▶ _What the task asks_: In the data below, find every line with the string "настенный" and pull it out.

▶ _Stored data_:
—————

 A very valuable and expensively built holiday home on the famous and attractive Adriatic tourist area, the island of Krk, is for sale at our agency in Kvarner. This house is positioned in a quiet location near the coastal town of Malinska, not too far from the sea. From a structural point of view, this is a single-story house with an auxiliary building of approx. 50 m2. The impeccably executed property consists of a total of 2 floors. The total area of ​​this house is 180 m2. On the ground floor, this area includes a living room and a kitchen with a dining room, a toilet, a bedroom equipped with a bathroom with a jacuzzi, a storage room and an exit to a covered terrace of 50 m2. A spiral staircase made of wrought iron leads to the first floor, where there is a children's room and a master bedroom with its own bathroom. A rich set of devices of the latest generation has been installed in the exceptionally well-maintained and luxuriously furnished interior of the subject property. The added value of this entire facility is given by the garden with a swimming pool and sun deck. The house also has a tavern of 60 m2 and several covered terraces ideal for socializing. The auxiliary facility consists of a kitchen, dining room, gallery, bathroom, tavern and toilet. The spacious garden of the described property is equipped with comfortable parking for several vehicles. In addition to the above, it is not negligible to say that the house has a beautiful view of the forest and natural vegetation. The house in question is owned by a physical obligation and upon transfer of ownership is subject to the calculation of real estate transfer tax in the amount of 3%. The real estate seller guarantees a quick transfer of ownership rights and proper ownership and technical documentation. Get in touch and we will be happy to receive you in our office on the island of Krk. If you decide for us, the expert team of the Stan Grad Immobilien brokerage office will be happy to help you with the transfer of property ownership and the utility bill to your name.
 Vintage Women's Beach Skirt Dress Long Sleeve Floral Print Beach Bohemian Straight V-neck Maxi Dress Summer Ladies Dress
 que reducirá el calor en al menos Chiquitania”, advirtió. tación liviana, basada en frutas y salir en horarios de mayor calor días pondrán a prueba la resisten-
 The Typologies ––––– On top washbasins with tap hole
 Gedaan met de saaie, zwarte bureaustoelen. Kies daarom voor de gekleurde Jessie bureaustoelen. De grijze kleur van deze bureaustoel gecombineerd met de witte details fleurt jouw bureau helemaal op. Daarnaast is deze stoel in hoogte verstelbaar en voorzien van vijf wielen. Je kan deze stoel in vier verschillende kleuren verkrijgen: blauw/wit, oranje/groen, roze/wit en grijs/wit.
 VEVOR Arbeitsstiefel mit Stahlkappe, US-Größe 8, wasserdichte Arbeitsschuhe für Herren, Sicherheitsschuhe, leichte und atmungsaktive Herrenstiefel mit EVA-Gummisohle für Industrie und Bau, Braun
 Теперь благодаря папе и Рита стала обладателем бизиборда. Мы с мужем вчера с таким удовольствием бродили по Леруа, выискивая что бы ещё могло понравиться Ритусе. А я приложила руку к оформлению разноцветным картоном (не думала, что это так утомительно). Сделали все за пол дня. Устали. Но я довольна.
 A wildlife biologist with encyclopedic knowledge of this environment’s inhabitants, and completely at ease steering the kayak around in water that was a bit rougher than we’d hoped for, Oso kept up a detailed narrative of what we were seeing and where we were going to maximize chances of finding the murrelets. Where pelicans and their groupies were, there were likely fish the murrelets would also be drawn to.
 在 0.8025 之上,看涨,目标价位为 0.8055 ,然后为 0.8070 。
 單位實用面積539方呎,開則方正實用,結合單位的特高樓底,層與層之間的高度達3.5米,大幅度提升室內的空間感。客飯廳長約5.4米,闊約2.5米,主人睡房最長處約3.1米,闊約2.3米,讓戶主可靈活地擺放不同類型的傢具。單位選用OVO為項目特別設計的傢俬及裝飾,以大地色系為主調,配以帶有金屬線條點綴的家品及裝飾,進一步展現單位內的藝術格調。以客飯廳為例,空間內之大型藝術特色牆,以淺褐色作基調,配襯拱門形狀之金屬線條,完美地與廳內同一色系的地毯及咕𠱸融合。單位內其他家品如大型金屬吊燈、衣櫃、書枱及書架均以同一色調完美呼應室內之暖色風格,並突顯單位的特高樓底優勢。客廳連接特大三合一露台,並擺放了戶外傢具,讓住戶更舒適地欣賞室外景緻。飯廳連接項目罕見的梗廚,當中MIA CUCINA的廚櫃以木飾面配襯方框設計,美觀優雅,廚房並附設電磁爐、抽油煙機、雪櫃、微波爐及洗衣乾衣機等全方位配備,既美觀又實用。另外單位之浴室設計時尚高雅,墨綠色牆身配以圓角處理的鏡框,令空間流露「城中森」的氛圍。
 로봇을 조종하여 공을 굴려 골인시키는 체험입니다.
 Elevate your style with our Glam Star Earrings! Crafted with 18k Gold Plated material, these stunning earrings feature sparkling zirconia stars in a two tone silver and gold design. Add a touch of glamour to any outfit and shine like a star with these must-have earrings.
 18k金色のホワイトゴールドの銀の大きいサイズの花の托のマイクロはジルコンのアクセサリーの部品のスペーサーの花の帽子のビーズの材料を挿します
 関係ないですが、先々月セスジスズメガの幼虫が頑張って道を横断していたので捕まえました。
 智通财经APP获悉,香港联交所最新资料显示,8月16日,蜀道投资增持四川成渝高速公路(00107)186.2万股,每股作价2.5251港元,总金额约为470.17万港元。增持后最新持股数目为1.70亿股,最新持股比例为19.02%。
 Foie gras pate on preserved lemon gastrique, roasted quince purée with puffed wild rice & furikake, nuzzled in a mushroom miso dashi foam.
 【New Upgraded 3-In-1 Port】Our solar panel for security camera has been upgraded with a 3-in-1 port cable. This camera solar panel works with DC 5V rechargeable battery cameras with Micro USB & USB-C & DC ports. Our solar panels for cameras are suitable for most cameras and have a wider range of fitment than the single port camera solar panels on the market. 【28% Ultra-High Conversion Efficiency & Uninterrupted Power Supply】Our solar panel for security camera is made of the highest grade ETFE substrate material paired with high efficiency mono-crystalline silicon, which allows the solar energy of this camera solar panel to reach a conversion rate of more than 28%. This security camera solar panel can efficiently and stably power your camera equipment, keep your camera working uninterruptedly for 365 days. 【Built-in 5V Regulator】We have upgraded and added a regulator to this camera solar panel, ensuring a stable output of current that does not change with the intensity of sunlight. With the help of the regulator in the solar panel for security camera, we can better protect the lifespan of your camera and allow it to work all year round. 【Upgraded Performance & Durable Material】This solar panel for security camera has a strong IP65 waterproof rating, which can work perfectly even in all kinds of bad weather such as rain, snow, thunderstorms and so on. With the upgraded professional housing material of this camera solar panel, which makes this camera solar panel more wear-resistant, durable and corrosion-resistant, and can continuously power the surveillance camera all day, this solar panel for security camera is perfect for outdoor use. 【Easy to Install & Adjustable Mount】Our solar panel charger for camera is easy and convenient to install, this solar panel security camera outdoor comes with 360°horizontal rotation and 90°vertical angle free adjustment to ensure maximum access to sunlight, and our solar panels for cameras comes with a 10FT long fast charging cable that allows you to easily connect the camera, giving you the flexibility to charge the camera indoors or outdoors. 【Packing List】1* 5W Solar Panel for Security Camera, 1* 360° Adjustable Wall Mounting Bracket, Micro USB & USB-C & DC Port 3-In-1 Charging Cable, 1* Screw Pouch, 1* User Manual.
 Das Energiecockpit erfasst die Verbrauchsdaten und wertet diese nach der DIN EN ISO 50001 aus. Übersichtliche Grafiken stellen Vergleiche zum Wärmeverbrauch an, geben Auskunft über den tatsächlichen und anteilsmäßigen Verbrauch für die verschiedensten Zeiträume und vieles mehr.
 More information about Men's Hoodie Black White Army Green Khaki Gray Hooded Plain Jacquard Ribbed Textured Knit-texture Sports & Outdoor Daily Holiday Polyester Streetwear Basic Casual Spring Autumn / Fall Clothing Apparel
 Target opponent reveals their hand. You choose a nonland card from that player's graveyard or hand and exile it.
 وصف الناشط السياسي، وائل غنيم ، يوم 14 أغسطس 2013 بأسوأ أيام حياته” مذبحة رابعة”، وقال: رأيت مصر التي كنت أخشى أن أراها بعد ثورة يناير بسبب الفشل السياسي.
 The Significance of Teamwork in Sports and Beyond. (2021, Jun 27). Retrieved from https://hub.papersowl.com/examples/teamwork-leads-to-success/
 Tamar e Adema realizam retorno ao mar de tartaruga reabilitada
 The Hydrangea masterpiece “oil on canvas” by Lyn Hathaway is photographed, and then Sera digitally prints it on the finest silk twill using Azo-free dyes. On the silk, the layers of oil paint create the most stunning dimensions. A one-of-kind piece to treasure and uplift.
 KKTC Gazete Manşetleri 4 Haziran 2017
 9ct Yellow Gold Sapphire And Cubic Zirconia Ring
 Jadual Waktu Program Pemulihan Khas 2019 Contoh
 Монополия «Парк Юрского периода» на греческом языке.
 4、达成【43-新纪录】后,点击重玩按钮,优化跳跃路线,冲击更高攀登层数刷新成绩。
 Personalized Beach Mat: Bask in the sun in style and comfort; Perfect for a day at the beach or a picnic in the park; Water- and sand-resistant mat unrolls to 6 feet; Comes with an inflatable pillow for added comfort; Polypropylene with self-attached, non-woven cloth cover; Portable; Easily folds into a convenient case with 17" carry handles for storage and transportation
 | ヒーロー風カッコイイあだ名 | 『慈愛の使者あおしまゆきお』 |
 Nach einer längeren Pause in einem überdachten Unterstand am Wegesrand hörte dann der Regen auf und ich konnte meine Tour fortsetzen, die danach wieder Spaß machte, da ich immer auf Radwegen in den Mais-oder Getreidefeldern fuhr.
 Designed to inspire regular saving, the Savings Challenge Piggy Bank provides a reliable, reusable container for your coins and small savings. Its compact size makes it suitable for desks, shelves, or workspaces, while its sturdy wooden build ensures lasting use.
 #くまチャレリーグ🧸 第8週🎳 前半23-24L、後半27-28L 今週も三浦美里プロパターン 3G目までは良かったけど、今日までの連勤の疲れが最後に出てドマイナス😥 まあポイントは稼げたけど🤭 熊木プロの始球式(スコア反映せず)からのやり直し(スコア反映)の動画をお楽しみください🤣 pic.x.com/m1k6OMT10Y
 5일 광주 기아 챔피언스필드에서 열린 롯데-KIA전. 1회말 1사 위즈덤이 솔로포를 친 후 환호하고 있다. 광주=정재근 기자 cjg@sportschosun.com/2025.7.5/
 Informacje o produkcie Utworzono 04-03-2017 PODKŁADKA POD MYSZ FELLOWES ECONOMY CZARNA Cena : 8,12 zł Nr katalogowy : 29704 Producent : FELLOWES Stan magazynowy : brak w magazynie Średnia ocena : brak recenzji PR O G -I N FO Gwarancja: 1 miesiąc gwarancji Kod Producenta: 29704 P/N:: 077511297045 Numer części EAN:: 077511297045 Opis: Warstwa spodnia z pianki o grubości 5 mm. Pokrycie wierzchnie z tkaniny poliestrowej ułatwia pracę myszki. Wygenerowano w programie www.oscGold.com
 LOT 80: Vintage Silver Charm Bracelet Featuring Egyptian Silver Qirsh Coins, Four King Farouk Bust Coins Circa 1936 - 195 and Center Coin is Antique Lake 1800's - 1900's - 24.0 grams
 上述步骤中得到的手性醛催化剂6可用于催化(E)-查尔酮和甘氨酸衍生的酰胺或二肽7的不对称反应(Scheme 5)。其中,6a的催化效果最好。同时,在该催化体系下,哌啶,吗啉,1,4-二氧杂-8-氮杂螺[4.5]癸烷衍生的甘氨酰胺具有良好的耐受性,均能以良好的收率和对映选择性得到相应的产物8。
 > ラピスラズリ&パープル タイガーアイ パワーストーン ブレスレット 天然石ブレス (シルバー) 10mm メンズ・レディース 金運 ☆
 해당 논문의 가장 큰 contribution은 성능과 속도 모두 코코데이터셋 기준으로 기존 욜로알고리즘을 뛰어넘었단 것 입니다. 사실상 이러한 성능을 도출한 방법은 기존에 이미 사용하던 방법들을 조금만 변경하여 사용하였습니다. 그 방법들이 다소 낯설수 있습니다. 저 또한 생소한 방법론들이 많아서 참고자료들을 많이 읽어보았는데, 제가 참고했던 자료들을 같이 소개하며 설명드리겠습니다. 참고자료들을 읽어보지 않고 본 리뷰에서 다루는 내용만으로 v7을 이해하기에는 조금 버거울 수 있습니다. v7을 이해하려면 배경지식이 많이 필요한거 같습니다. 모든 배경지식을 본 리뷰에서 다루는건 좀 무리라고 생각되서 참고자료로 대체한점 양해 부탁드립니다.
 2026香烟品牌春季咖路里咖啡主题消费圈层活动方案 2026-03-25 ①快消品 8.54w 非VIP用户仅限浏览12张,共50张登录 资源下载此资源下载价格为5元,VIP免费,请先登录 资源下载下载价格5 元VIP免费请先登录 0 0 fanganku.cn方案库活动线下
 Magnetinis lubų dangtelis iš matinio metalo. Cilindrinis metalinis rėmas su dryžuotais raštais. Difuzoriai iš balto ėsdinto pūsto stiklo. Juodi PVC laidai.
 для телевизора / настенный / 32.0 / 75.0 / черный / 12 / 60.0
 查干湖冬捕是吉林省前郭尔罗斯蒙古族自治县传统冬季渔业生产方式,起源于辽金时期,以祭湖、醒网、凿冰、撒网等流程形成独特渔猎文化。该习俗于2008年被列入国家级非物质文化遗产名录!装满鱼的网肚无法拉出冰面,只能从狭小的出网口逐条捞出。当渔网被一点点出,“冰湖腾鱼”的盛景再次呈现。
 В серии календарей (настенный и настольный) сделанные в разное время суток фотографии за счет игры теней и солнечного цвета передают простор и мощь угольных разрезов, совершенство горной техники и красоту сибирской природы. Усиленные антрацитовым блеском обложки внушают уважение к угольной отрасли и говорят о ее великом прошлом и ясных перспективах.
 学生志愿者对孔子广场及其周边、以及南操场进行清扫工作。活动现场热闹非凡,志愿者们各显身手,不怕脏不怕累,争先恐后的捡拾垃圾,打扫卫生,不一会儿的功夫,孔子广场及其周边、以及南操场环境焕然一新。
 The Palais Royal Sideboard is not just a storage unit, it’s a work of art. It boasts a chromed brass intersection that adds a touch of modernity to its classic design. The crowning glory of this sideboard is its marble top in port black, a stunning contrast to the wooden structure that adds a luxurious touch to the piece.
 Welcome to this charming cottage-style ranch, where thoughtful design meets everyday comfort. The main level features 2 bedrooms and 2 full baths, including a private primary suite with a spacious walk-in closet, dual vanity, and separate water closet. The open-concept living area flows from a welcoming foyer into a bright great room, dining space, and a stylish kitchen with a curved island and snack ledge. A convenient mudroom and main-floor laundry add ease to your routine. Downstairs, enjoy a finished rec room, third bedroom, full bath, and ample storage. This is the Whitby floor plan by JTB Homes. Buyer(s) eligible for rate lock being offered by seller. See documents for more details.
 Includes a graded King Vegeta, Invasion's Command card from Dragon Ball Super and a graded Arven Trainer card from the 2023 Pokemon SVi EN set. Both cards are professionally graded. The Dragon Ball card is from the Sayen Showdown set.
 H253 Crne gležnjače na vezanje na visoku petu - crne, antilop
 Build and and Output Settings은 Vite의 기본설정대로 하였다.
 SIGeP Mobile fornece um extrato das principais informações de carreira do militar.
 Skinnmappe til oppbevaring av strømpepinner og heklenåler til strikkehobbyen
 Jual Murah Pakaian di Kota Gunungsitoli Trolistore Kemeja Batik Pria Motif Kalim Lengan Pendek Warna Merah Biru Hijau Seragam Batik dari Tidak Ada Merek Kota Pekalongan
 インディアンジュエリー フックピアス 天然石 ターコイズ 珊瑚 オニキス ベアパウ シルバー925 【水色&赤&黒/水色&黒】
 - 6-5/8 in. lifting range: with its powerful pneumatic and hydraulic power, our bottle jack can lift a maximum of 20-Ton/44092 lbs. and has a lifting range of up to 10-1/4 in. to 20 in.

—————

▶ _Exercise output_:
 для телевизора / настенный / 32.0 / 75.0 / черный / 12 / 60.0
 В серии календарей (настенный и настольный) сделанные в разное время суток фотографии за счет игры теней и солнечного цвета передают простор и мощь угольных разрезов, совершенство горной техники и красоту сибирской природы. Усиленные антрацитовым блеском обложки внушают уважение к угольной отрасли и говорят о ее великом прошлом и ясных перспективах.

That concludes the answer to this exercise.